The control unit 30 performs overall control of the user terminal 100 . The control unit 30 extracts the URL included in the received text data, transmits a request for determining the extracted URL to the detection server 200, receives whether or not it is malicious, and controls URL access based on the transmitted result. . Here, the control unit 30 accesses the URL if the URL is normal, and blocks the URL if the URL is malicious. The control unit 30 includes a URL detection unit 31, a data collection unit 33 and a URL blocking unit 35.

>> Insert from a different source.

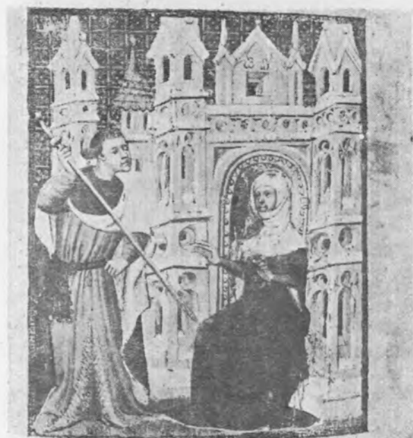
Il. 23 Merkury i Aglauros, miniatura w rękopisie Christine de Pisan Epistre d'Othéa, początek XV w., London, British Library, MS. Harley 4431, fol. 104v (fot. The Warburg Institute), nie publikowana
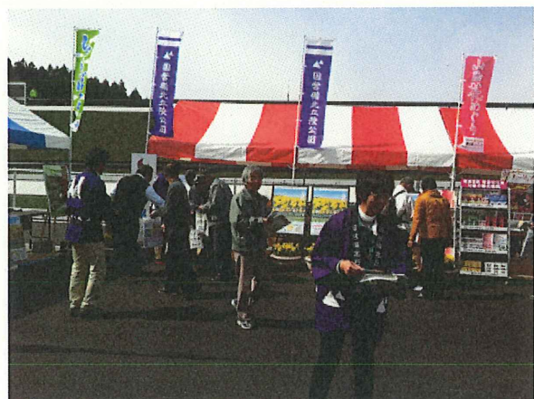
イベント時のPR実施状況

The URL detecting unit 31 detects whether a URL is included when receiving text data such as text, mail, and network packets received from the outside. The URL detection unit 31 extracts the detected URL when a URL is detected in the text data. That is, the URL detection unit 31 separates text and URL of text data. If the separated URL is a shortened URL, the URL detection unit 31 expands the URL and restores the original URL. The URL detection unit 31 performs a first data pre-processing to collect first detection data related to the restored URL (FIG. 3). Here, the first detection data includes information on the number of redirects indicating the number of URL redirects and final destination URL, when URL redirection is performed when the user terminal 100 accesses the URL. Information on the final destination URL includes at least one of an IP address, a domain name, and http header parameters such as content-length, content-type, content-encoding, and content-disposition. Here, content-length means the length of the body of the URL response packet, content-type means the format of the URL response packet, content-encoding means the encoding method of the URL response packet, and content-disposition means the URL response packet means the processing format of The URL detection unit 31 controls transmission of the first data preprocessed information and the URL state determination request message to the detection server 200 so that the detection server 200 can determine the state of the URL.

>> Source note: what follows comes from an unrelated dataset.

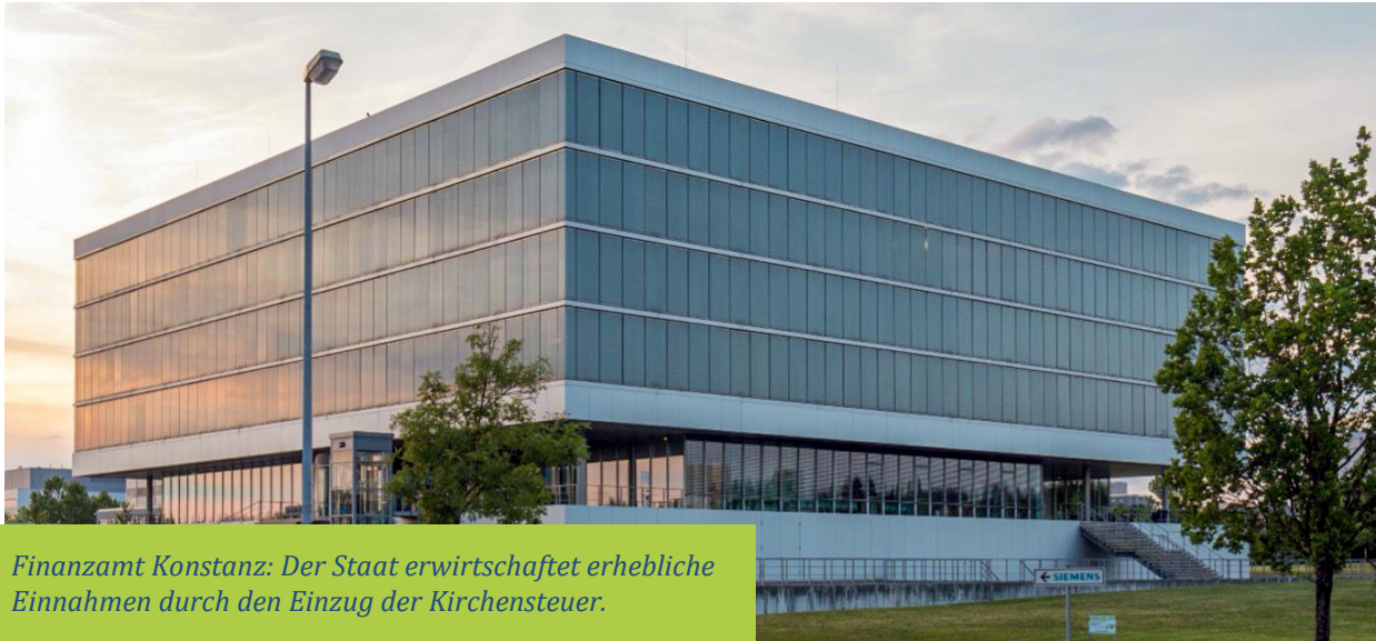
Finanzamt Konstanz: Der Staat erwirtschaftet erhebliche Einnahmen durch den Einzug der Kirchensteuer.

Das stimmt. Und beide profitieren davon.

When the judgment result received from the detection server 200 is determined to be a new URL, the data collection unit 33 further collects information about the URL so that the detection server 200 can re-determine the state of the URL. . In detail, the data collection unit 33 searches the web portal provided by the web portal server 300 using the domain name included in the first detection data collected from the URL detection unit 31 as a search term. Through this, the data collection unit 33 performs second data pre-processing to collect second detection data, which is additional data retrieved from the domain name (FIG. 4). The second detection data is data different from the first detection data, and includes at least one of a tag href attribute count, the number of search results, a domain name count, and a keyword count in the HTML source of the search result. Here, the a tag href attribute count means the number of times that 'domain name' is matched among the values of the 'a' tag 'href' attribute in the HTML source, the number of search results means the number of search result data, and the domain name count means the number of search result data. It means the number of strings that match the 'domain name' in the result text, and the keyword count means the number of keywords included in the search result text that were determined to be close to existing malicious URLs. The data collection unit 33 controls the text data, the first data preprocessed information, the second data preprocessed information, and the URL status determination re-request message to be transmitted to the detection server 200 so that the URL status in the detection server 200 is transmitted. to be able to judge

The URL blocking unit 35 blocks the URL based on the result of the state of the URL judged or judged by the detection server 200 . That is, if the URL blocking unit 35 determines that the result of the judgment or re-judgment of the URL is malicious, the URL is blocked to block access to the URL in advance.

The output unit 50 outputs text data such as text, mail, and network packets. The output unit 50 outputs the result of determining the URL state. If the URL is normal, the output unit 50 outputs the user interface of the connected URL. The output unit 50 may be a display having a touch screen function, and the display may include a liquid crystal display (LCD), a thin film transistor-liquid crystal display (TFT LCD), an organic light emitting diode (LCD), and an organic light emitting diode (LCD). At least one of an organic light-emitting diode (OLED), a flexible display, and a 3D display may be included.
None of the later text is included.